Todo ano, veículos de comunicação do mundo inteiro se agendam para pontuar o 1º de dezembro como Dia Mundial de Luta contra a Aids e estabelecer um entrelaçamento de comunicação, promovendo a troca de informações e experiências sobre o tema. Porém, uma semana depois da efeméride, muito pouco ficou na agenda dos brasileiros, o assunto já sumiu das redes sociais e mesmo quando esteve presente mostrava-se permeado de lacunas. Em seu site, a Associação Brasileira Interdisciplinar de Aids (Abia) publicou dados alarmantes sobre o avanço do HIV e da Aids no Brasil - o país conta mais de 40% de novas infecções na América Latina entre 2010 e 2015 - e que constam no Relatório sobre Prevenção 2016, do Programa Conjunto das Nações Unidas sobre HIV e Aids (Unaids). Para a Abia, o que acontece no cenário brasileiro fortalece o argumento de que as respostas biomédicas não substituem as respostas sociais. O Brasil abriu mão de construir uma resposta à epidemia utilizando a experiência dos movimentos sociais.

Leia aqui a matéria publicada no Portal ENSP em alusão ao Dia Mundial de Luta Contra Aids.

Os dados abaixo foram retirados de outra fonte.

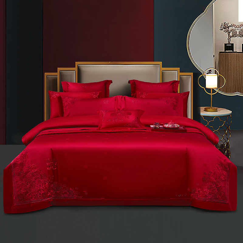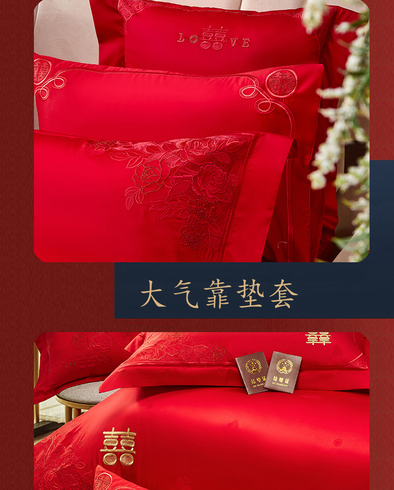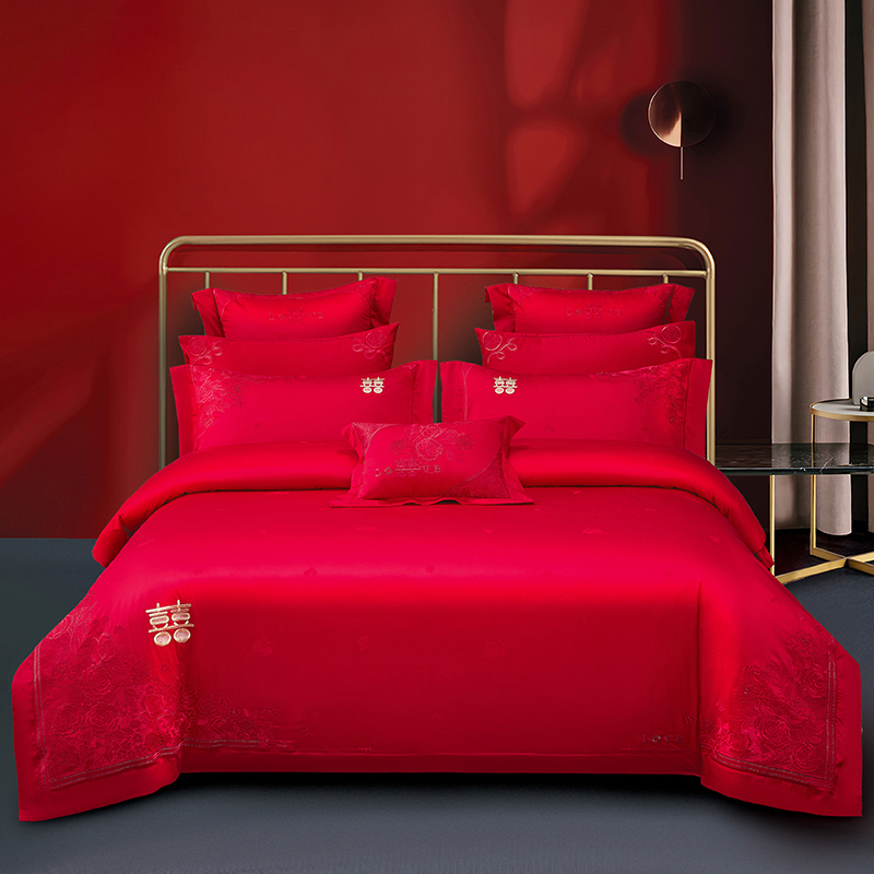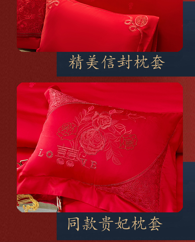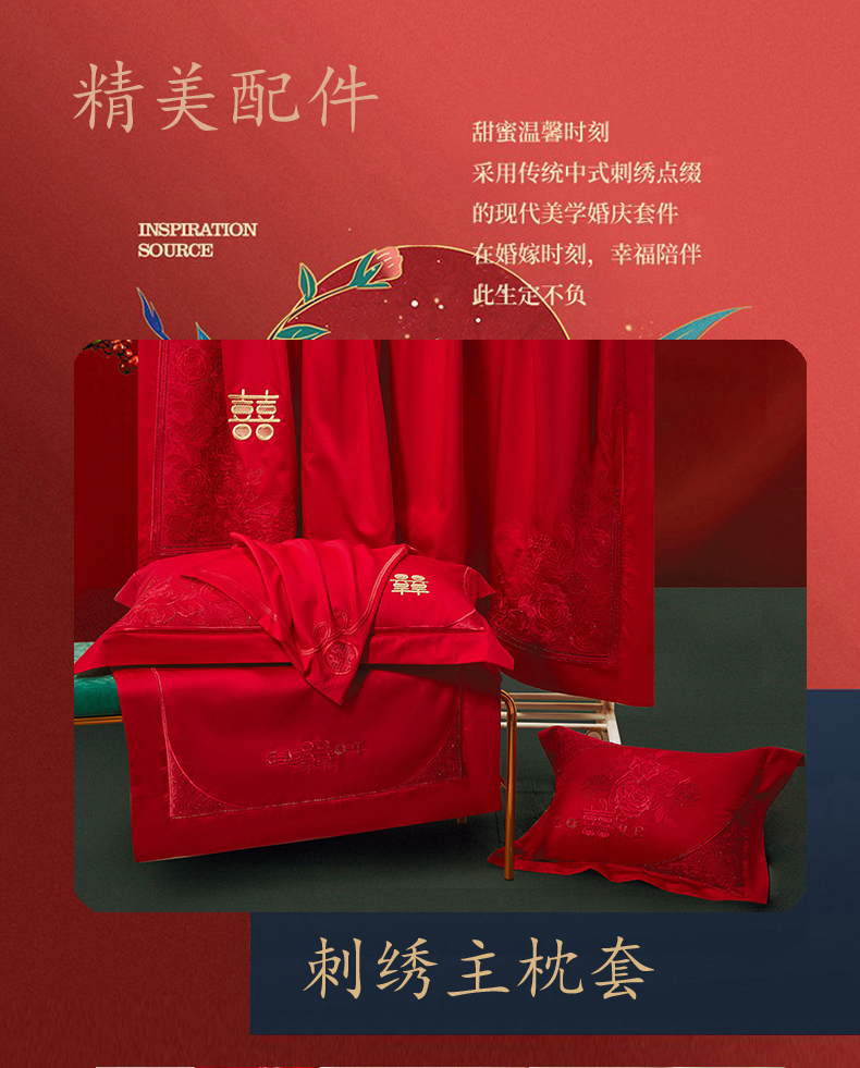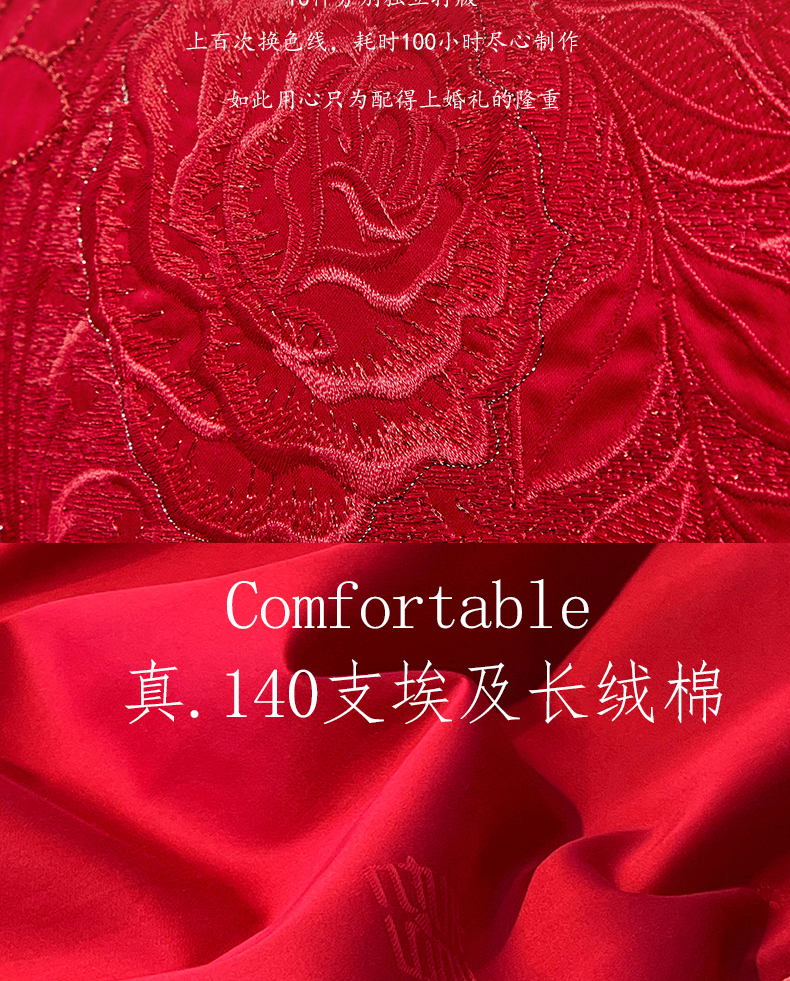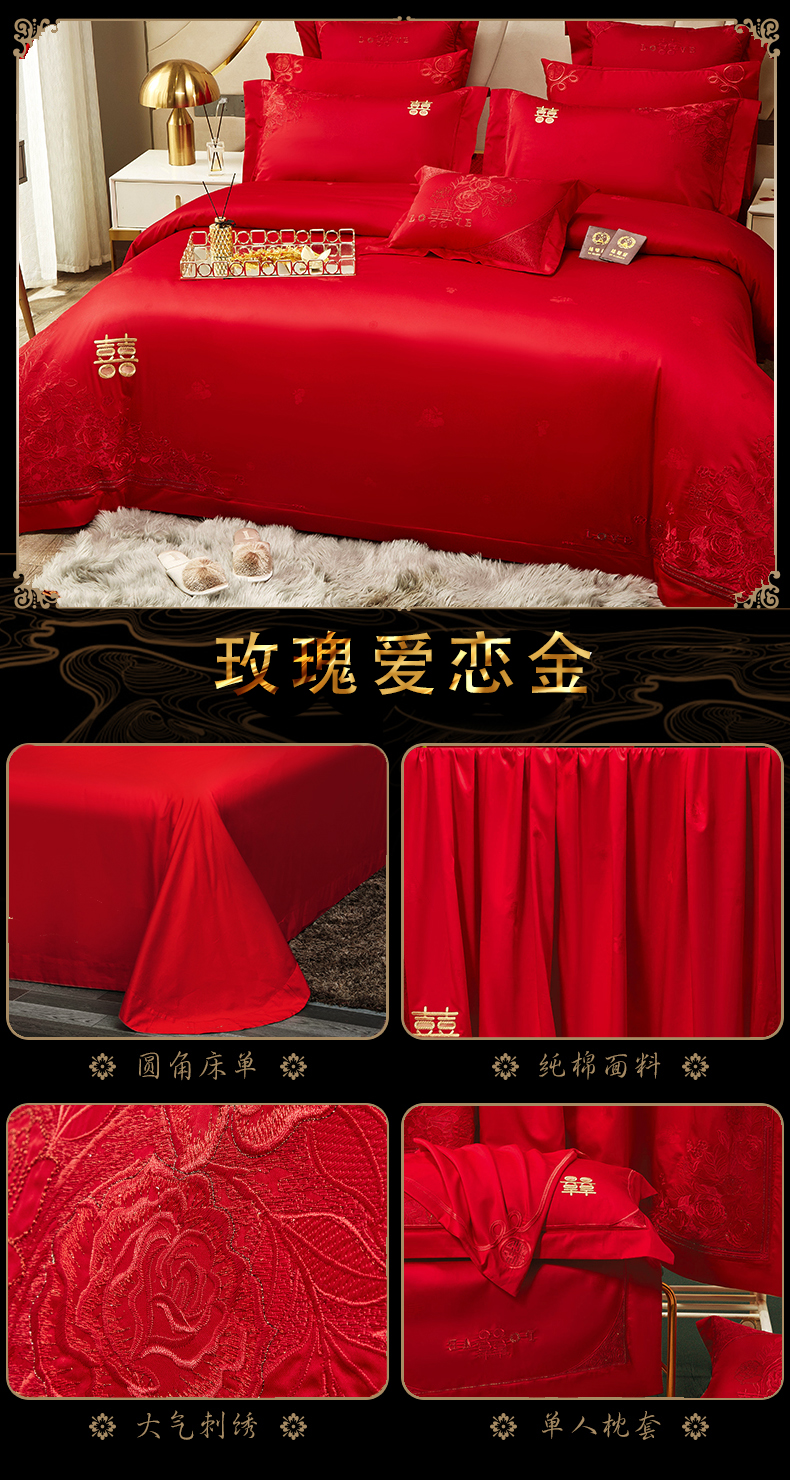 (总)蒂爵 2025新款婚庆长绒棉时尚小红书爆款刺绣婚庆四件套多件套-提花款,欢天喜地,玫瑰之恋,喜福临门,喜上眉梢,幸福嫁到

Na publicação, pesquisadores e ativistas convidados, como Sônia Corrêa, Alexandre Grangeiro, Mario Scheffer, Veriano Terto Jr., dentre outros, oferecem um panorama crítico do país à luz da atual conjuntura política e econômica. Na análise crítica sobre a assistência, feita pelos especialistas Maria Inês Baptistela Nemes e Mario Scheffer, no artigo Desafios da assistência às pessoas que vivem com HIV e Aids no Brasil, os autores reconhecem que é necessária a recuperação de uma vigorosa resposta assistencial para o país retomar o caminho outrora reconhecido como bem-sucedido. “As maiores perdas no contínuo do cuidado após o diagnóstico ocorrem nas etapas de retenção e de tratamento, ambas responsabilidade principal dos serviços de assistência.”, resumem Maria Inês Baptistela Nemes e Mario Scheffer.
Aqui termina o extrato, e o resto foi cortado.